Please give an exact printout of the records, without any pictures.
(Data to examine Opens)
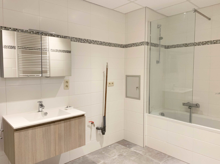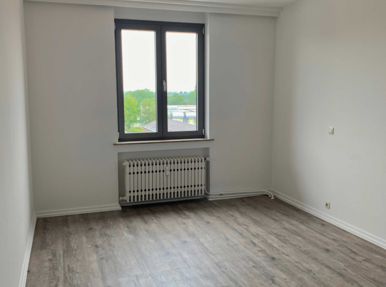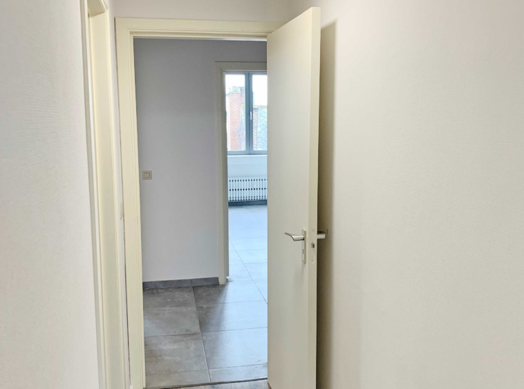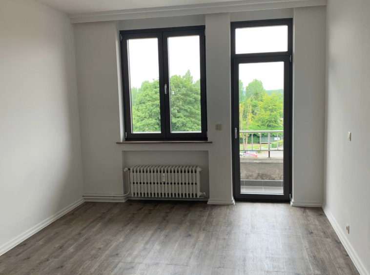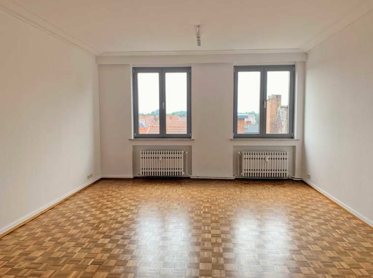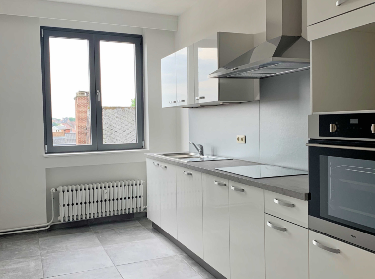 L’appartement comprend : Hall d’entrée, cuisine équipée (four, taque, hotte, lave-vaisselle), salon/living, hall de nuit, débarras, salle de bains/douche avec emplacement pour machine à laver, 2 chambres, une terrasse (vue arrière) et une cave.
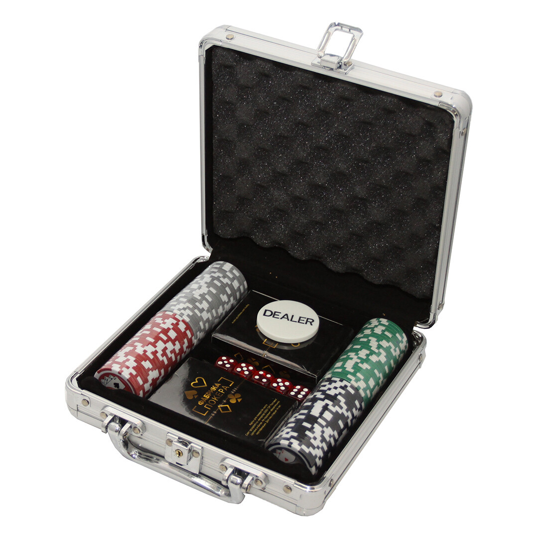 Данный набор содержит 100 пластиковых фишек с разным номиналом, две колоды на 55 карт из плотного картона и пластиковую дилерскую фишку. Все это упаковано в удобный алюминиевый кейс, который вы можете взять с собой куда угодно.
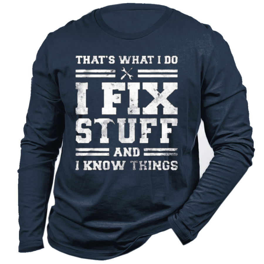 T-shirt A Maniche Lunghe In Cotone Da Uomo I Fix Stuff And I Know Things
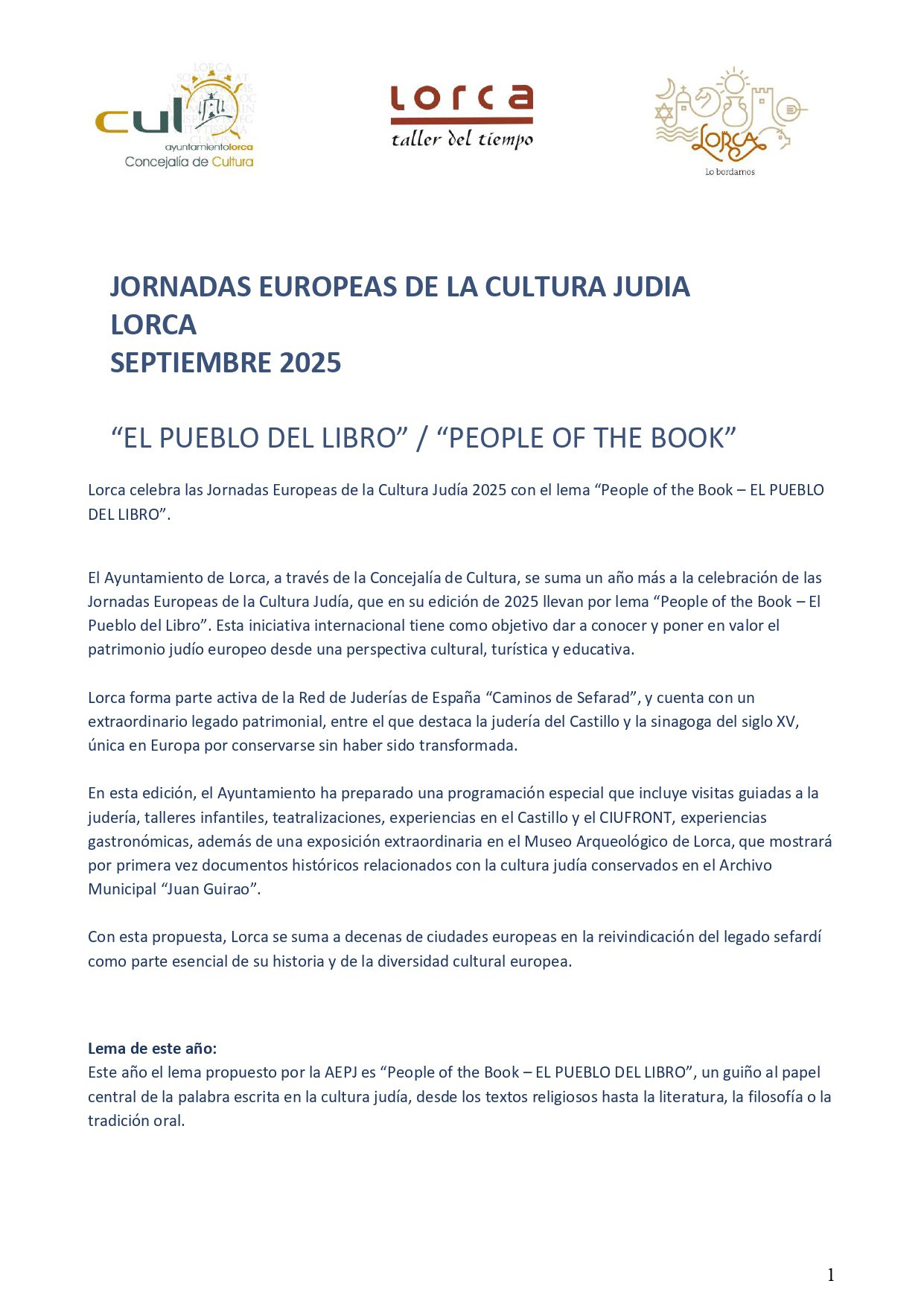 Del 1 al 30 de septiembre de 2024 Lorca celebra las 25º Jornadas Europeas de la Cultura Judía con diversas actividades para toda la familia.
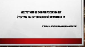 WSZYSTKIM UCZNIOM NASZEJ SZKOŁY ŻYCZYMY DALSZYCH SUKCESÓW W NAUCE !!! DYREKCJA SZKOŁY I GRONO PEDAGOGICZNE
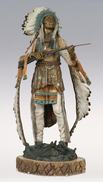 Carl Kauba (1865-1922). Indian Chief with Rifle. Bronze, 26" x 10". Colored patina. Signed. Condition Report: Fine condition.
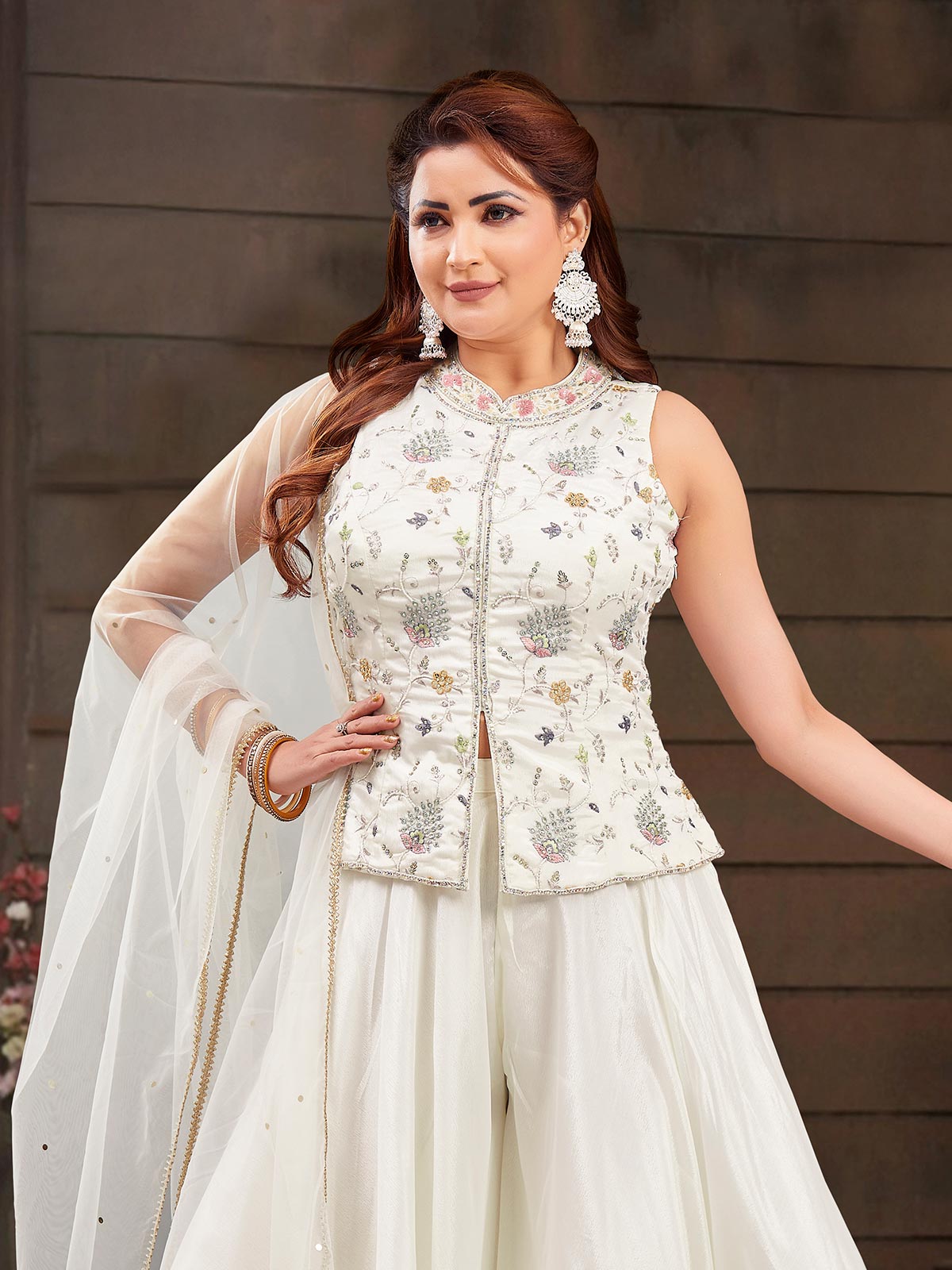 This white silk palazzo suit beautifully blends tradition and modern style, making it sure to captivate all eyes. It is intricately adorned with embroidery, resham, sequins, stones, and cutdana work. The suit features a flattering stand collar neck and a sleeveless design for a contemporary touch. Paired with matching bottoms and a dupatta, this ensemble is perfect for any celebration.
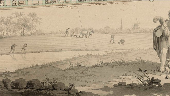 In 2022 kochten we bij een Amsterdams antiquariaat een prachtige aquarel: een weergave van de bouwput van de Katwijkse binnensluis ter gelegenheid van het ‘plechtig leggen der eerste stenen’ op 22 juli 1805. De binnensluis was onderdeel van de Katwijkse werken waarmee in de periode 1804-1807 een uitwatering op de Noordzee werd gerealiseerd. We kijken vanaf een duin neer op de sluisput, waar zich veel mensen verzameld hebben. Twee heistellingen zijn in gebruik, bij elke stelling trekt een groep mannen met vereende krachten het heiblok omhoog. Aan de rechterkant is een tribune opgericht voor het orkest dat is uitgenodigd om de feestelijkheden luister bij te zetten. Achter de sluisput zijn diverse tenten neergezet voor de genodigden, met als hoofdgasten natuurlijk dijkgraaf, hoogheemraden en hoofdingelanden van Rijnland. De plechtigheid trekt ook veel toeschouwers. Vanaf de omliggende duinhellingen slaan boeren, burgers en buitenlui het schouwspel gade.
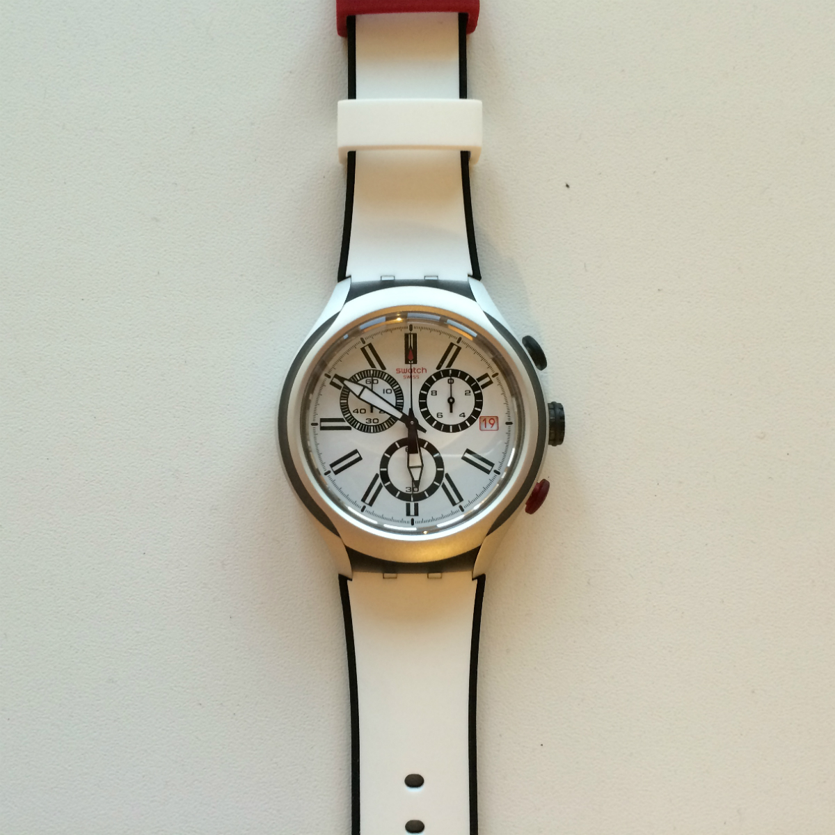 Очень стильный кварцевый хронограф с корпусом из алюминия. Крупные стрелки, отличная читаемость.
(Data to examine Closes)
> Answer area:
 L’appartement comprend : Hall d’entrée, cuisine équipée (four, taque, hotte, lave-vaisselle), salon/living, hall de nuit, débarras, salle de bains/douche avec emplacement pour machine à laver, 2 chambres, une terrasse (vue arrière) et une cave.
 Данный набор содержит 100 пластиковых фишек с разным номиналом, две колоды на 55 карт из плотного картона и пластиковую дилерскую фишку. Все это упаковано в удобный алюминиевый кейс, который вы можете взять с собой куда угодно.
 T-shirt A Maniche Lunghe In Cotone Da Uomo I Fix Stuff And I Know Things
 Del 1 al 30 de septiembre de 2024 Lorca celebra las 25º Jornadas Europeas de la Cultura Judía con diversas actividades para toda la familia.
 WSZYSTKIM UCZNIOM NASZEJ SZKOŁY ŻYCZYMY DALSZYCH SUKCESÓW W NAUCE !!! DYREKCJA SZKOŁY I GRONO PEDAGOGICZNE
 Carl Kauba (1865-1922). Indian Chief with Rifle. Bronze, 26" x 10". Colored patina. Signed. Condition Report: Fine condition.
 This white silk palazzo suit beautifully blends tradition and modern style, making it sure to captivate all eyes. It is intricately adorned with embroidery, resham, sequins, stones, and cutdana work. The suit features a flattering stand collar neck and a sleeveless design for a contemporary touch. Paired with matching bottoms and a dupatta, this ensemble is perfect for any celebration.
 In 2022 kochten we bij een Amsterdams antiquariaat een prachtige aquarel: een weergave van de bouwput van de Katwijkse binnensluis ter gelegenheid van het ‘plechtig leggen der eerste stenen’ op 22 juli 1805. De binnensluis was onderdeel van de Katwijkse werken waarmee in de periode 1804-1807 een uitwatering op de Noordzee werd gerealiseerd. We kijken vanaf een duin neer op de sluisput, waar zich veel mensen verzameld hebben. Twee heistellingen zijn in gebruik, bij elke stelling trekt een groep mannen met vereende krachten het heiblok omhoog. Aan de rechterkant is een tribune opgericht voor het orkest dat is uitgenodigd om de feestelijkheden luister bij te zetten. Achter de sluisput zijn diverse tenten neergezet voor de genodigden, met als hoofdgasten natuurlijk dijkgraaf, hoogheemraden en hoofdingelanden van Rijnland. De plechtigheid trekt ook veel toeschouwers. Vanaf de omliggende duinhellingen slaan boeren, burgers en buitenlui het schouwspel gade.
 Очень стильный кварцевый хронограф с корпусом из алюминия. Крупные стрелки, отличная читаемость.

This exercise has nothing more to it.